## TASK TO COMPLETE
Return every line of the records below verbatim, with no pictures in the copy.
Start of Block
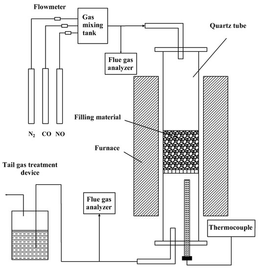 Catalytic reduction experiments are carried out in a tubular reduction furnace, and the experimental system is shown in Figure 2. It mainly includes three parts: gas distribution device, reaction device, and flue gas measuring device. In the gas supply system, the gas is stored in the high-pressure gas cylinder, and the flow is controlled by the rotor flowmeter. After the gas is mixed evenly in the mixing tank, it is passed into the reaction system. The reaction system is mainly composed of a quartz tube holding sinter catalyst and a reduction furnace. The inner diameter of the quartz tube is 35 mm, and the height is 700 mm. The gas used in the distribution system includes four kinds of gas, NO, CO, O2, and N2, which are, respectively, configured by high-pressure gas cylinders, controlled by glass rotor flowmeter, and mixed by a mixer and then passed into the quartz tube in the tubular reduction furnace. The composition of the gas in the high-pressure gas cylinder is as follows: NO standard gas (NO concentration is 10 vol%, balance gas is N2), CO standard gas (CO concentration is 10 vol%, balance gas is N2) (provided by Wuhan Newred Special Gas Co., LTD., Wuhan, China), O2 standard gas (purity 99.9 vol%), and N2 standard gas (purity 99.9 vol%) (provided by Wuhan Minghui Gas Technology Co., LTD., Wuhan, China).
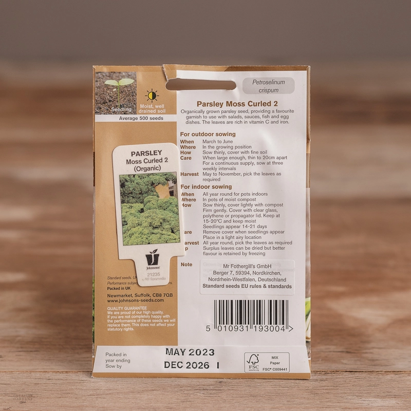 Are you looking for the product "Parsley Moss Curled 2 Organic"? We offer Johnsons Seeds products in our garden centers in Donaghadee, Bushmills, Galgorm and Logwood. You can also order the product "Parsley Moss Curled 2 Organic" online for £ 3.19 or check the products in Seeds & Bulbs. We look forward to seeing you soon!
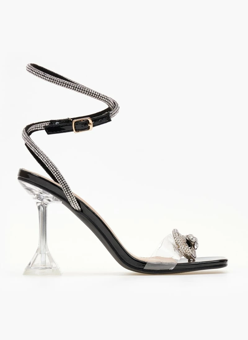 Πέδιλα με διαφάνεια και σχέδιο φιόγκο από strass. Δένουν με λουράκια σπο strass στο ύψος του αστραγάλου. Έχει ιδιαίτερο τακούνι.
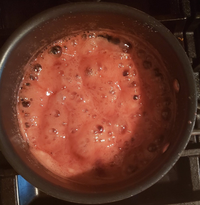 In a small saucepan combine 1/2 cup each, water, and sugar. Cook on medium heat stirring constantly until the sugar is dissolved. The solution should appear clear, not “foggy”. Chop 1/2 cup fruit into small pieces. Mix your fruit into the water mixture and bring the contents to a boil. Allow it to come to a low boil, and then reduce the heat to low, and simmer until the sauce thickens (an additional 10-15 minutes). Stir constantly as you may need to adjust the time depending on the desired thickness of your syrup. Allow it to cool. Strain the syrup into an air-tight container and refrigerate for later use.
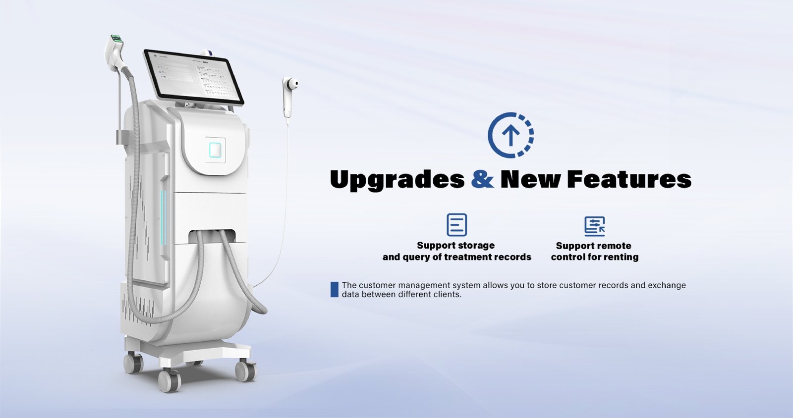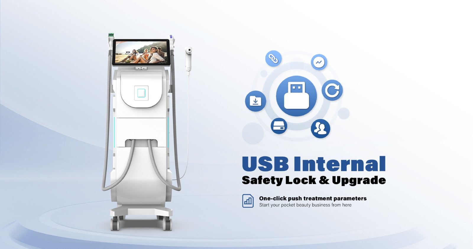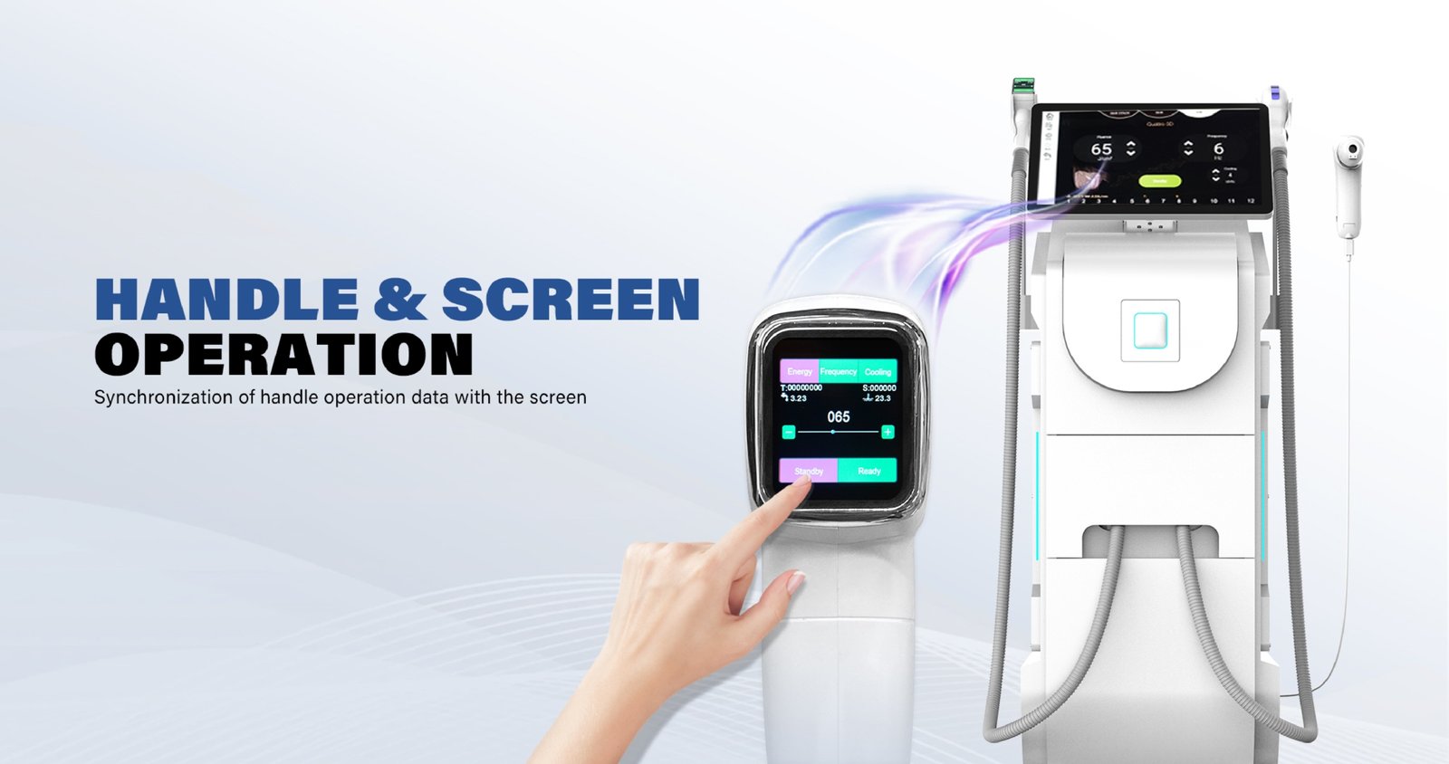 Echipamentul este dotat cu un ecran tactil de 15.6” (Android) cu interfață intuitivă și parametri predefiniți pentru diverse zone și tipuri de piele.
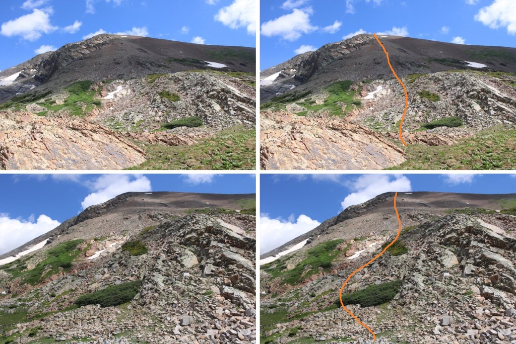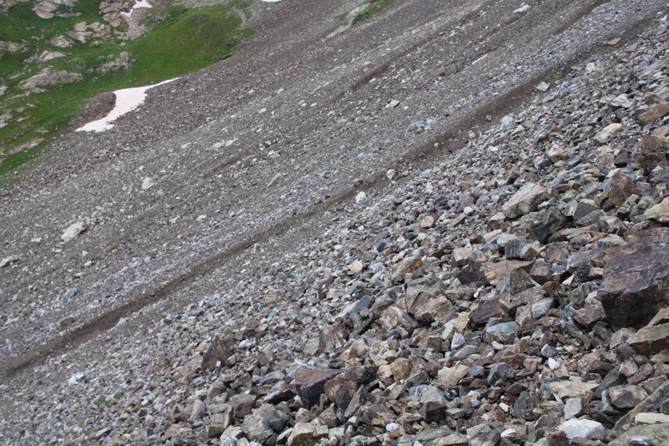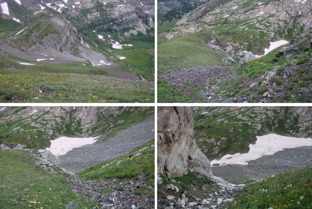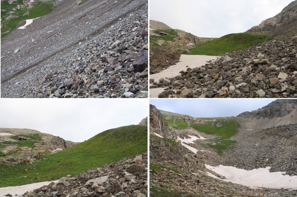 Once there, I should have been able to take the road back to my truck, but there was snow still covering it, even in mid-July, so I retraced my steps and took the first gully of the day again, but you should be able to take the road back all the way. If not, it’s an easy and obvious workaround.
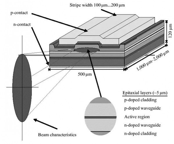 半導體激光器是一種電光轉換器件,近50年來取得了快速發展和豐碩成果,在科學研究和工程技術中有著廣泛的滲透和應用。它利用半導體材料作為增益介質,通過電子在能級間躍遷發光的原理,利用由半導體晶體構成的諧振腔和平行反射鏡,在電注入下實現光振蕩、反饋,并最終產生光的輻射放大,從而實現激光輸出。
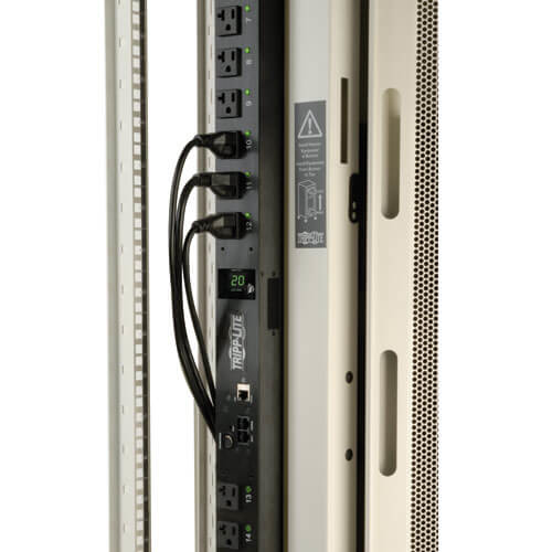 Toolless accessory mounting rails (2 rails per enclosure) include slots for quick installation of compatible PDUs and vertical cable managers. Mounting slots are arranged in an industry-standard pattern compatible with a wide variety of accessories. Each rail can accommodate two vertical PDUs or cable managers side-by-side (four items per enclosure).
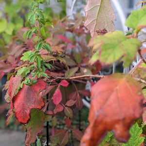 おはようございます(*^^*) 我が家の紅葉もなかなか イケてる カシワバアジサイ ヘンリーツタ が色づいて アナベルはまだちょっと みどりは クライミングローズの エバンジェリン とラベンダー 昨日 雨降り前のpicから 🏷ウクライナ🇺🇦に平和🕊𓂃 𓈒𓏸◌を
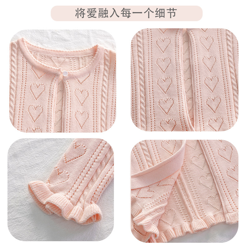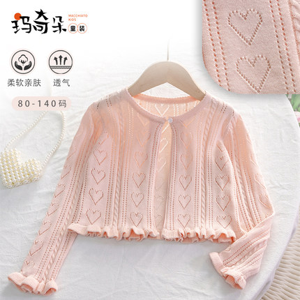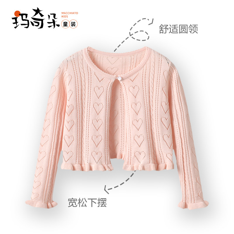 女童纯棉针织防晒外套开衫披肩短款儿童春夏季毛衣宝宝空调衫
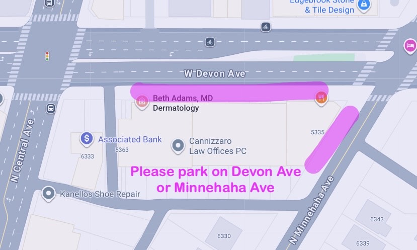 - There is a stretch of free 1 hour parking spots on Minnehaha Avenue just south of Devon, about 1 block east of Dr. Adams’ office.
End of Block
## ANSWER TO THIS EXERCISE
 Catalytic reduction experiments are carried out in a tubular reduction furnace, and the experimental system is shown in Figure 2. It mainly includes three parts: gas distribution device, reaction device, and flue gas measuring device. In the gas supply system, the gas is stored in the high-pressure gas cylinder, and the flow is controlled by the rotor flowmeter. After the gas is mixed evenly in the mixing tank, it is passed into the reaction system. The reaction system is mainly composed of a quartz tube holding sinter catalyst and a reduction furnace. The inner diameter of the quartz tube is 35 mm, and the height is 700 mm. The gas used in the distribution system includes four kinds of gas, NO, CO, O2, and N2, which are, respectively, configured by high-pressure gas cylinders, controlled by glass rotor flowmeter, and mixed by a mixer and then passed into the quartz tube in the tubular reduction furnace. The composition of the gas in the high-pressure gas cylinder is as follows: NO standard gas (NO concentration is 10 vol%, balance gas is N2), CO standard gas (CO concentration is 10 vol%, balance gas is N2) (provided by Wuhan Newred Special Gas Co., LTD., Wuhan, China), O2 standard gas (purity 99.9 vol%), and N2 standard gas (purity 99.9 vol%) (provided by Wuhan Minghui Gas Technology Co., LTD., Wuhan, China).
 Are you looking for the product "Parsley Moss Curled 2 Organic"? We offer Johnsons Seeds products in our garden centers in Donaghadee, Bushmills, Galgorm and Logwood. You can also order the product "Parsley Moss Curled 2 Organic" online for £ 3.19 or check the products in Seeds & Bulbs. We look forward to seeing you soon!
 Πέδιλα με διαφάνεια και σχέδιο φιόγκο από strass. Δένουν με λουράκια σπο strass στο ύψος του αστραγάλου. Έχει ιδιαίτερο τακούνι.
 In a small saucepan combine 1/2 cup each, water, and sugar. Cook on medium heat stirring constantly until the sugar is dissolved. The solution should appear clear, not “foggy”. Chop 1/2 cup fruit into small pieces. Mix your fruit into the water mixture and bring the contents to a boil. Allow it to come to a low boil, and then reduce the heat to low, and simmer until the sauce thickens (an additional 10-15 minutes). Stir constantly as you may need to adjust the time depending on the desired thickness of your syrup. Allow it to cool. Strain the syrup into an air-tight container and refrigerate for later use.
 Echipamentul este dotat cu un ecran tactil de 15.6” (Android) cu interfață intuitivă și parametri predefiniți pentru diverse zone și tipuri de piele.
 Once there, I should have been able to take the road back to my truck, but there was snow still covering it, even in mid-July, so I retraced my steps and took the first gully of the day again, but you should be able to take the road back all the way. If not, it’s an easy and obvious workaround.
 半導體激光器是一種電光轉換器件,近50年來取得了快速發展和豐碩成果,在科學研究和工程技術中有著廣泛的滲透和應用。它利用半導體材料作為增益介質,通過電子在能級間躍遷發光的原理,利用由半導體晶體構成的諧振腔和平行反射鏡,在電注入下實現光振蕩、反饋,并最終產生光的輻射放大,從而實現激光輸出。
 Toolless accessory mounting rails (2 rails per enclosure) include slots for quick installation of compatible PDUs and vertical cable managers. Mounting slots are arranged in an industry-standard pattern compatible with a wide variety of accessories. Each rail can accommodate two vertical PDUs or cable managers side-by-side (four items per enclosure).
 おはようございます(*^^*) 我が家の紅葉もなかなか イケてる カシワバアジサイ ヘンリーツタ が色づいて アナベルはまだちょっと みどりは クライミングローズの エバンジェリン とラベンダー 昨日 雨降り前のpicから 🏷ウクライナ🇺🇦に平和🕊𓂃 𓈒𓏸◌を
 女童纯棉针织防晒外套开衫披肩短款儿童春夏季毛衣宝宝空调衫
 - There is a stretch of free 1 hour parking spots on Minnehaha Avenue just south of Devon, about 1 block east of Dr. Adams’ office.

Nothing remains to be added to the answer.